Personal information
- Full name: Artyom Alekseyevich Shabolin
- Date of birth: 19 July 2000 (age 26)
- Place of birth: Barnaul, Russia
- Height: 1.86 m (6 ft 1 in)
- Position: Attacking midfielder

Youth career
- 0000–2012: SDYuShOR A. Smertina Barnaul
- 2012: Konoplyov football academy
- 2013–2014: Dynamo Moscow
- 2015–2017: SDYuShOR A. Smertina Barnaul
- 2018: Dynamo Barnaul
- 2018: SDYuShOR A. Smertina Barnaul

Senior career*
- Years: Team / Apps / (Gls)
- 2018–2019: Nosta Novotroitsk / 16 / (3)
- 2019–2022: Ural Yekaterinburg / 10 / (1)
- 2019–2020: → Ural-2 Yekaterinburg / 14 / (4)
- 2021: → Yenisey Krasnoyarsk (loan) / 4 / (0)
- 2021–2022: → Orenburg (loan) / 19 / (1)
- 2022: → Ural-2 Yekaterinburg / 15 / (2)
- 2023: Novosibirsk / 10 / (0)
- 2023: Dynamo Barnaul / 8 / (1)
- 2024: Leon Saturn Ramenskoye / 29 / (6)
- 2025–2026: Dynamo Vologda / 41 / (9)

= Artyom Shabolin =

Russian footballer (born 2000)

Artyom Alekseyevich Shabolin (Артём Алексеевич Шаболин; born 19 July 2000) is a Russian football player.

==Club career==
He made his debut in the Russian Professional Football League for Nosta Novotroitsk on 16 September 2018 in a game against Syzran-2003.

On 27 June 2019, he signed a long-term contract with Russian Premier League club Ural Yekaterinburg.
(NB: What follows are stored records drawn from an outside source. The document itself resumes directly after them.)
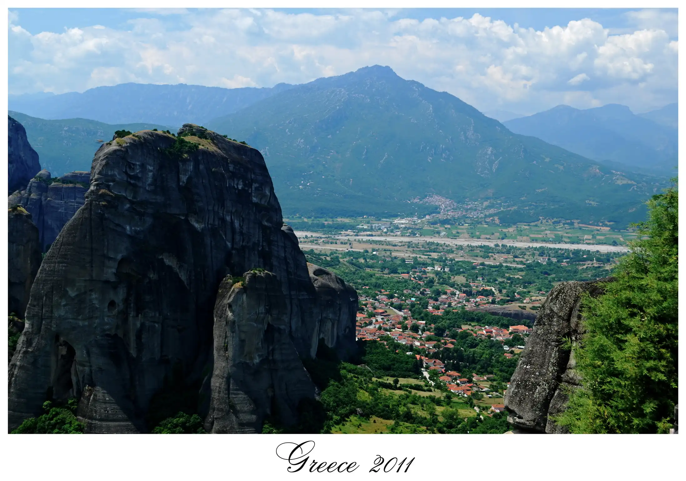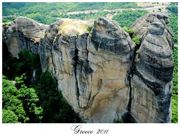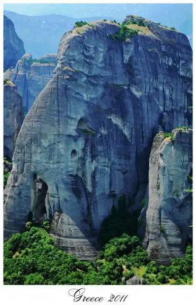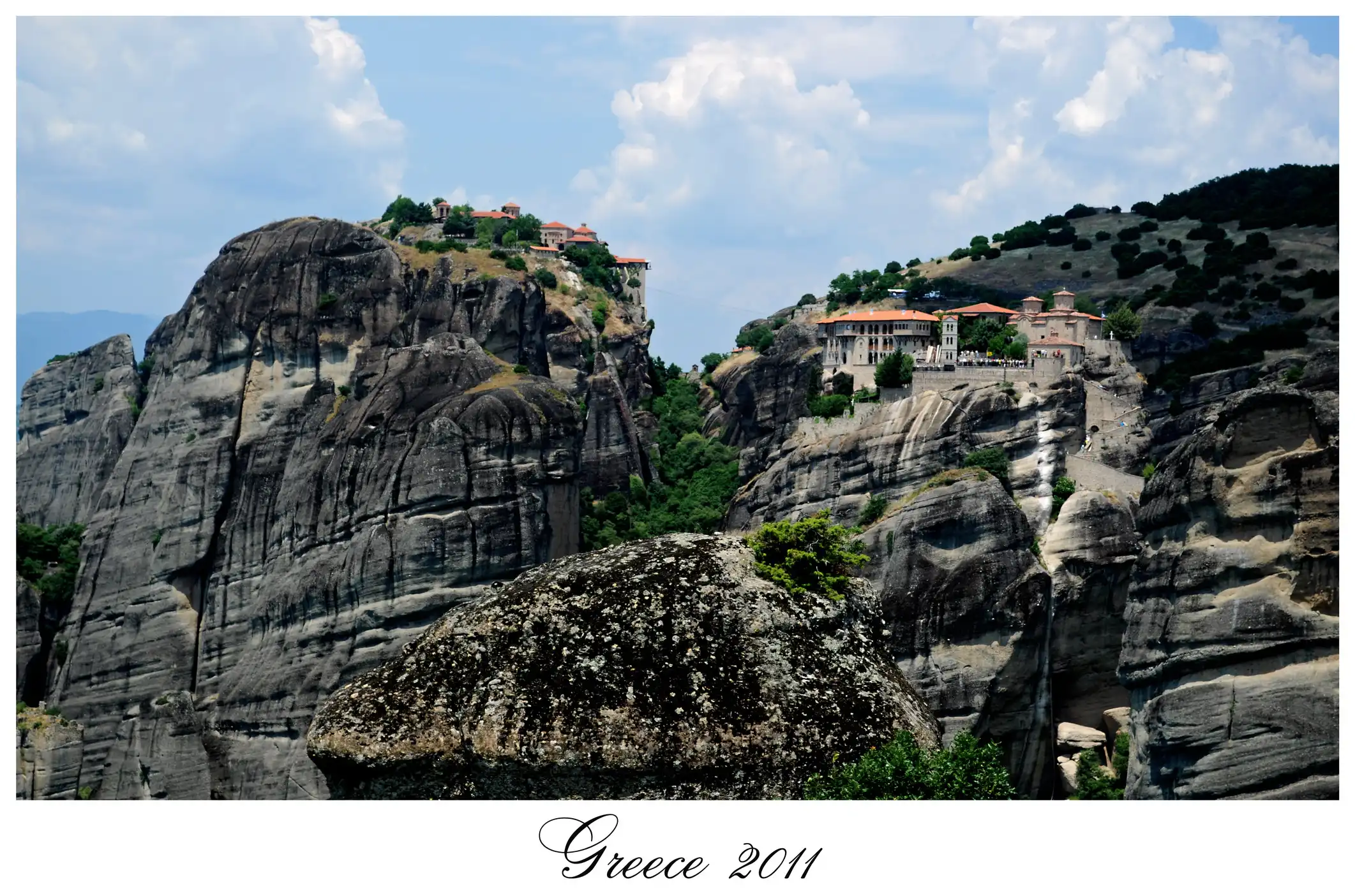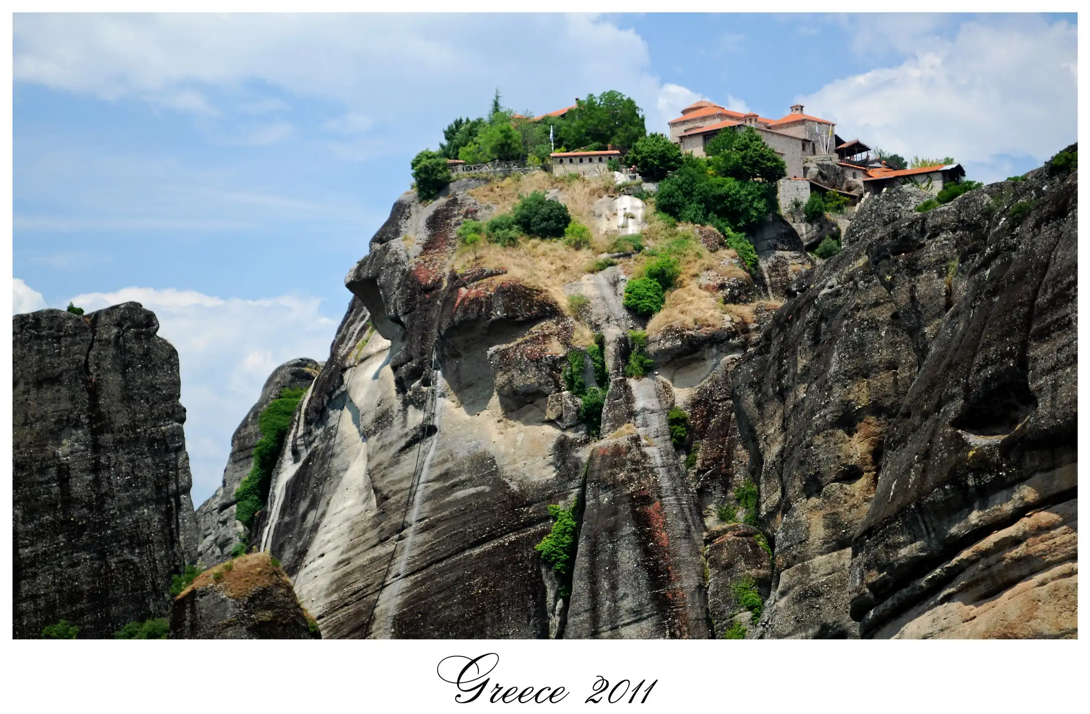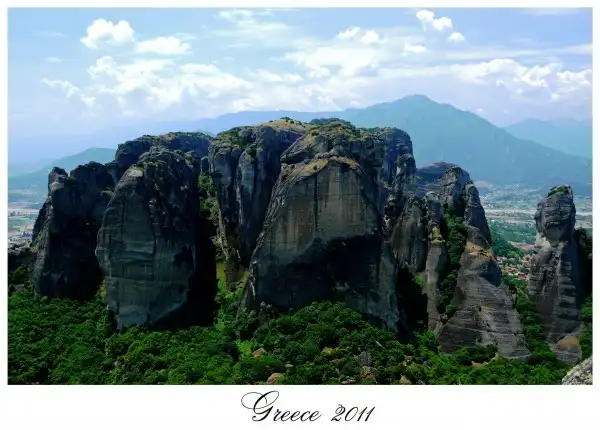 Ездили поглазеть на Метеоры. Метеоры (греч. Μετέωρα) — один из крупнейших монастырских комплексов в Греции, прославленный, прежде всего, своим уникальным расположением на вершинах скал. Монашеский центр был образован около X века и с тех пор существует непрерывно. В 1988 году монастыри были включены в список объектов всемирного наследия. По административно-церковному делению входит в митрополию Стаги и Метеор (греч. Σταγών και Μετεώρων) Элладской православной церкви.Шесть действующих православных монастырей, расположены на вершинах грандиозных скал, находящихся на ровной поверхности Фессалийской равнины. Скалы достигают в высоту 600 метров над уровнем моря и являются редким геологическим явлением. Они образовались более 60 миллионов лет назад и являлись каменистым дном доисторического моря, находившегося на месте равнины.[1] В результате воздействия воды, ветра и перепадов температур получились массивные, как бы зависшие в воздухе каменные столбы, получившие название Метеоры (от греч. μετέωρα — «парящие в воздухе»).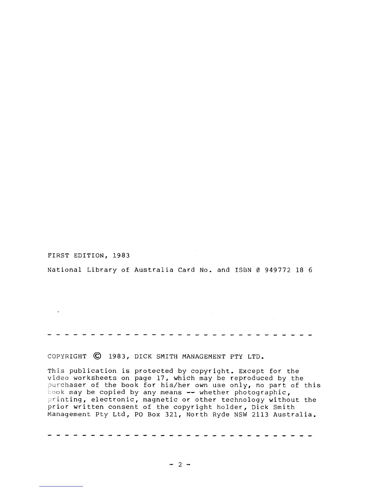 1983, DICK SMITH MANAGEMENT PTY LTD.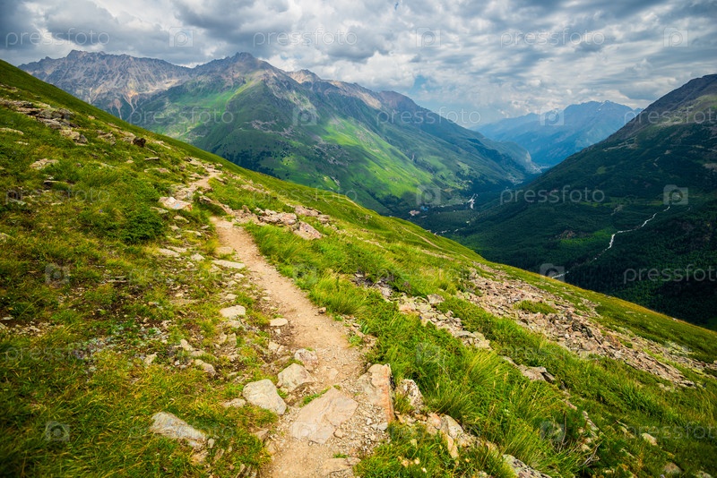 Красивый вид с пешеходной тропы на склоне горы высоко в Кавказских горах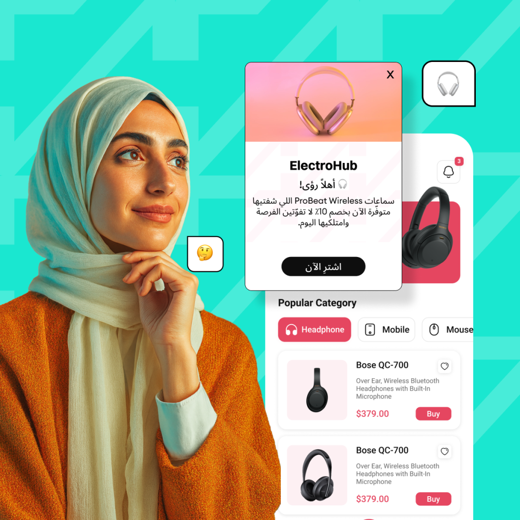 وصل رسائلك للمستخدمين في اللحظة المناسبة وبطريقة شخصية تحفّزهم على التفاعل واتخاذ الإجراءات.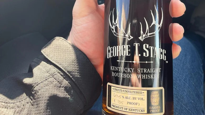 Buffalo Trace must be happy to stock its bottles in Costco — here comes another entry on this list from this distillery, and it's certainly not the last. George T. Stagg is a well-respected bourbon one Costco member managed to find in Malibu, CA in October 2023. It's a hugely powerful whiskey that often needs a drop of water to fully develop its robust flavor. Its proof is usually near the 120 region, which isn't too much for a seasoned whiskey drinker, but a novice may be overwhelmed.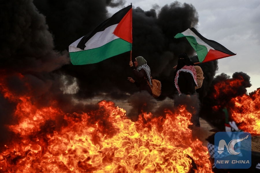 Palestinian protesters clash with Israeli soldiers on the Gaza-Israel border, east of Gaza City, on Oct. 26, 2018. Four Palestinians were killed and dozens of others injured Friday during clashes with Israeli soldiers stationed on the border between eastern Gaza Strip and Israel, medics said. (Xinhua Photo)
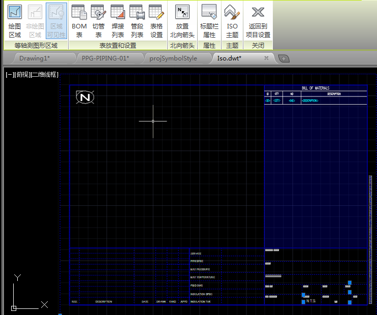 - 要放置表(BOM 表、切管表、焊接列表或管段列表)- 在功能区中的“表格放置和设置”面板中,单击所需的表,然后将其绘制在图形中(通常在蓝色表格区域中)。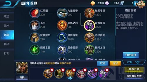 作为坦克时,第四件装备则推荐出反伤刺甲,增加物理防御,同时被动还可以反伤,可以让敌方伤己一千,自损八百,苦不堪言。第五件装备则推荐选择暗影战斧,提高自身生存能力的同时也可以补充一下输出能力,能却缩减也可以让关羽的技能CD得到缩减,可以更频繁的释放技能保护队友或是控制敌方。最后一件装备则推荐选择霸者重装,让关羽肉到没朋友,更好的起到为队友吸收伤害创造输出机会的作用。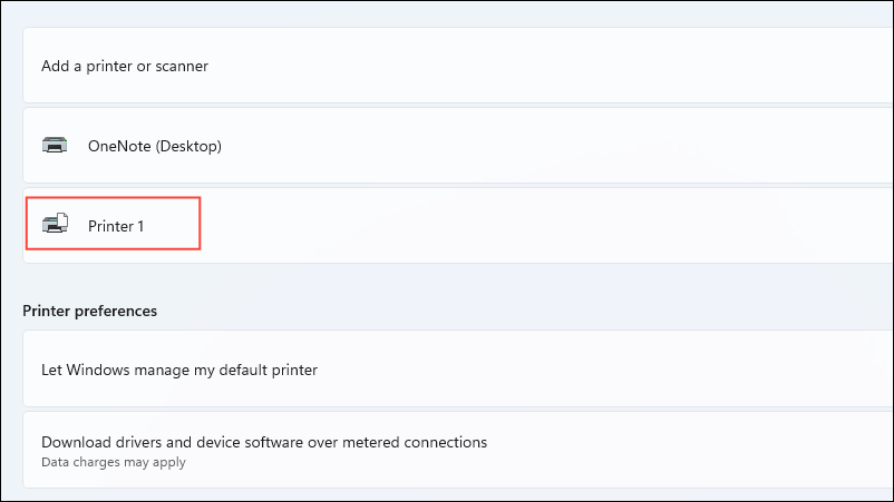 Step 7: Return to the 'Printers & scanners' page, and you'll see that the printer now appears with its new name.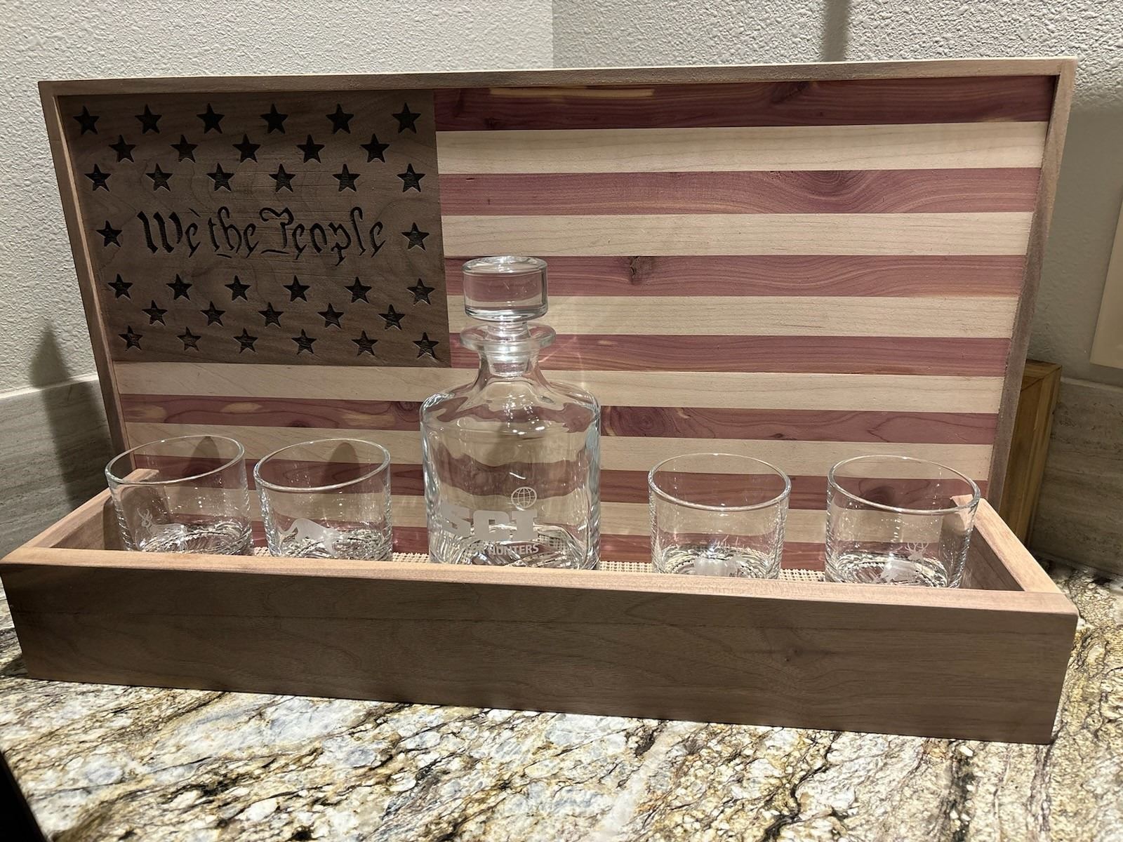 Includes a full sized decanter engraved with the GDC SCI logo and four scotch glasses engraved with an elk, mountain lion, antelope, and a mule deer.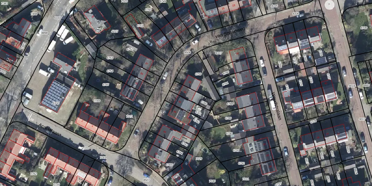 Gebruik de zoekbalk of klik op een perceel voor informatie over de adressen binnen dit perceel.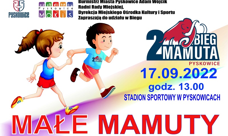 Razem z Miejskim Ośrodkiem Kultury i Sportu w Pyskowicach zaprasza się dzieci i młodzież do udziału w biegu Małe Mamuty. Zawody odbędą się 17 września, podobnie jak główne wydarzenie – II Pyskowicki Bieg Mamuta.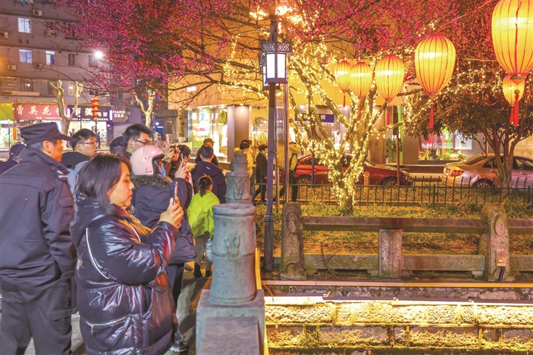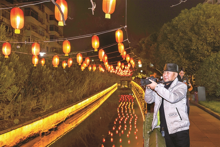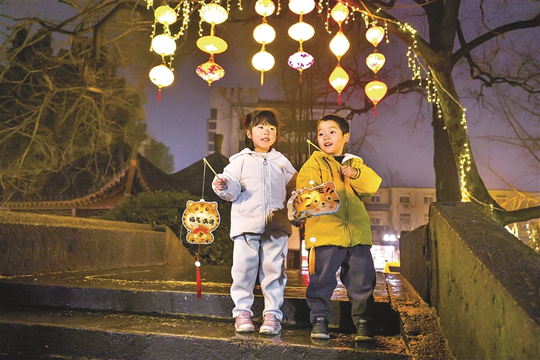 当天晚上,家住回澜南苑的张女士带着儿子、女儿出现在观灯的人流里。他们沿着城河,从回澜桥头一路走至市心桥头。两个孩子看着轮番变化的光影和花灯,不断发出惊叹:“地上有只可爱的老虎!”“看,桥上还印着一首诗呢。”“瞧,这树上的灯笼太好看了,以前只有在古装片里看到过!”因为景色很美,大家走走停停,用了1个多小时。但两个孩子兴致勃勃,一点也不觉得累。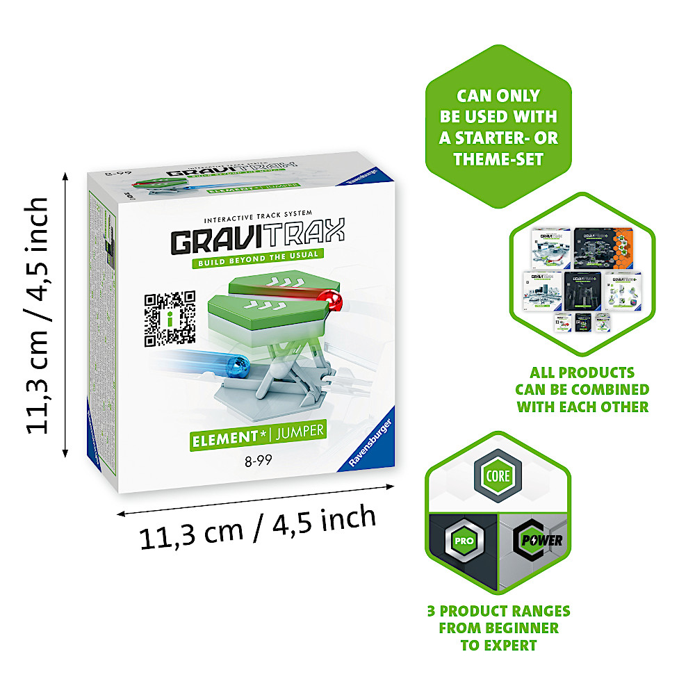 ジャンパーにボールが到達すると、ストッパーがはずれジャッキのように持ち上がり、ボールを瞬時に上段のコースへ移動させます。セット内容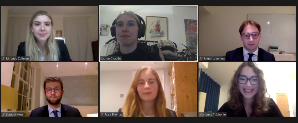 All in all, the experience was fantastic; in addition to the judges (who kindly gave up their first night after Lockdown #2 to adjudicate) I would particularly like to thank Phillip Rule (for setting an excellent moot problem), and Marianne Schonle and Lauren Chaplin (for organising the event and putting up with our many tedious emails).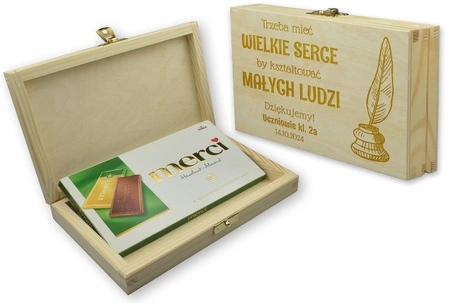 Drewniane pudełko na czekoladę z okazji Dnia Nauczyciela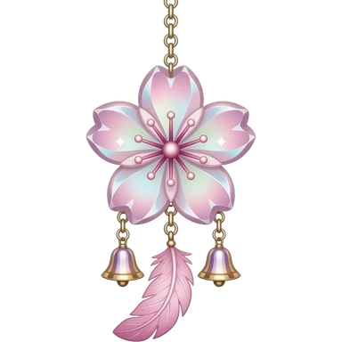 Hanging Iridescent pastel pink sakura crystals white-pearly suncatcher dreamcatcher with bells and feathery ornament emoji

He made his debut for the main squad of Ural Yekaterinburg on 25 September 2019 in a Russian Cup game against Chernomorets Novorossiysk. He made his Russian Premier League debut on 14 March 2020 in a game against Zenit Saint Petersburg, substituting Nikolay Dimitrov in the 67th minute.